Los policías llegaron al área y la acordonaron con cintas amarillas, creían que se trató de algún ataque terrorista debido a la inusual forma que tuvieron las instalaciones para destruirse. Le impresionó bastante la rapidez con la que actuaban si aún no llegaban personas con conocimientos suficientes.

¿Eso era lo que llamaban "Humanidad"?

Entendía por qué Yashiro se apiadó de ellos.

Goenitz miró fijamente los rostros de cada uno, las emociones que desprendían, el dolor, el miedo y la necesidad de buscar alguien que les atendiera, que los ayudara.

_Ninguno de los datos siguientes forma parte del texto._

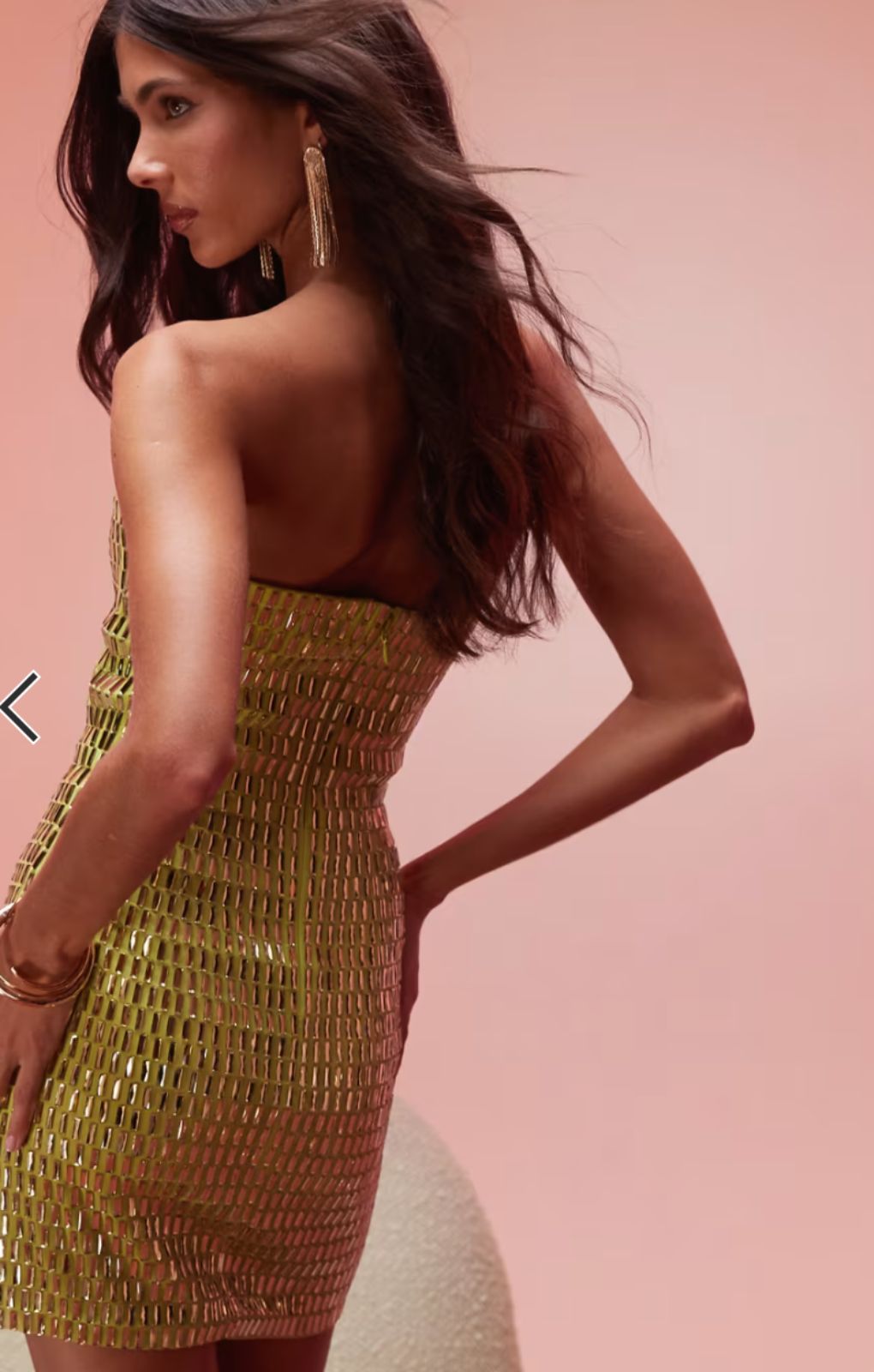Oh Polly Aurora Embellished Bandeau Mini Dress in Pear Green

Quería volver a ver a Nanakase y comentarle sus descubrimientos, si bien no era la mejor decisión, necesitaba saber qué opinaba Yashiro al ver que podían al menos compartir una idea similar.


Con pasos ligeros se acercó, el tronar de las ramas y las hojas alertaron a Yashiro quien se sorprendió de volverlo a ver, era notoria una facción de desprecio, se posicionó en forma de pelea, preparándose para lo peor.

—¿No te cansas de seguirnos? Intentaste matarnos —El Rey Celestial comentó enfadado, no había motivo alguno para aquél intento de homicidio, lo catalogó como el acto de una mente perturbada, aquella que teme que sus planes no salgan como desea.

—Quería tener frente a mis ojos al hombre que se cegó por una especie. Además, necesito que me des de vuelta mi libro —Ligeras corrientes de aire se avecinaban, parecía que tenían vida propia y, lo seguían a todos lados. Yashiro miró al cielo, a la luna llena y las estrellas, estaba tentado a lanzar el primer golpe, pero sabía que sería inútil.

Fiu, al principio no pensaba darle un mayor peso a Goenitz en esta historia, sin embargo me pareció necesario usarlo como obstáculo en la aventura de Yashiro. Así mismo como he dicho antes, me gusta ver a estos dos en cualquier modo (7u7).

Lo acontecido aquí fue algo que sucedió antes del noveno capítulo, por eso hay sucesos pasados.